3.2. Enzyme Purification

The plasma membranes were isolated as follows: The K. lactis strain NCYC 416 (the National Collection of Yeast Cultures; Norwich, UK.) was grown in YPD at 30 ºC by 20 hr. The cells were harvested at the mid-log phase and suspended in 1 M sorbitol pH 7.0, containing Zymolyase-20T (20 units/g wet-weight) at 30 °C by 1 to 2 h. The yeast spheroplasts were disrupted by sonication at 4 °C, and plasma membranes were isolated by differential centrifugation, briefly: the cell homogenate was centrifuged at 2,080× g to remove unbroken cells and cell walls, then the supernatant was centrifuged at 18,500× g to remove organelles such as mitochondria, after that, the supernatant was centrifuged at 38,400× g; plasma membranes were found in the pellet.
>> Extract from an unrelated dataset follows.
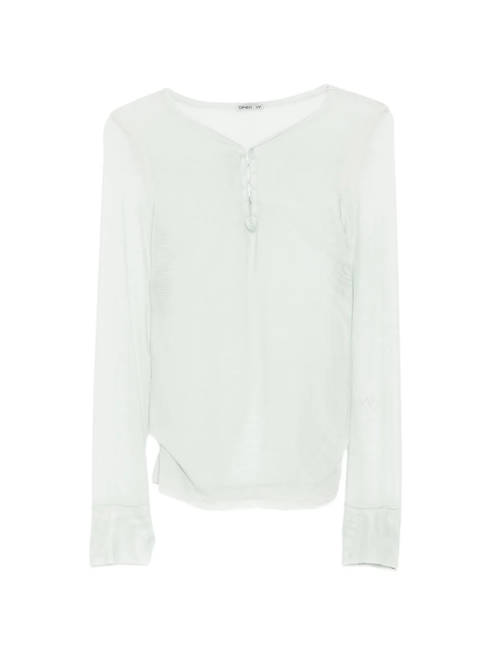 mesh hooked T-shirt Highlights - Mint green - Front hook fastening - Long sleeves - Henley neck Imported Composition Nylon 85%, Polyurethane 15% Washing instructions Hand Wash
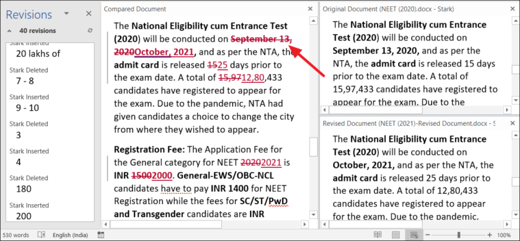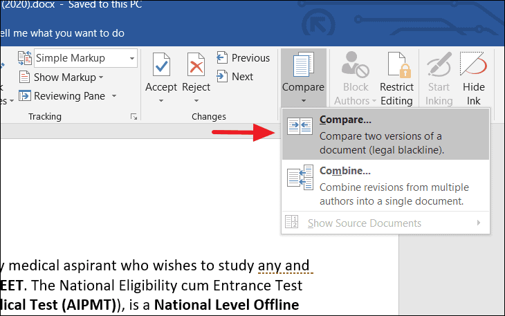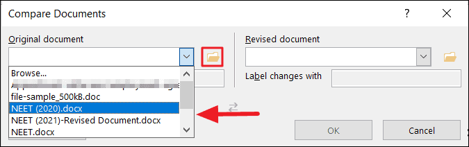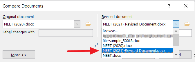 Step 4: Click the drop-down menu next to Original document and choose the initial version of your document from the list (e.g., NEET (2020).docx in this example).

The H⁺-ATPase was purified from the plasma membranes upon solubilization with Zwittergent 3,14 and then by centrifugation on a trehalose concentration gradient as described by Sampedro et al. (2007) [22]. The fractions containing the H⁺-ATPase were centrifuged at 100,000× g by 3 h, and the pellets were suspended in a small volume of 2 mM EGTA, 10 mM MOPS, pH 7.2, and kept at −70 °C until used. On SDS-PAGE, the ~100,000 M_r band corresponding to the plasma membrane H⁺-ATPase was ~90% (as determined by densitometry) from total protein yield. The protein concentration was determined by using the Lowry assay and bovine serum albumin as standard [47].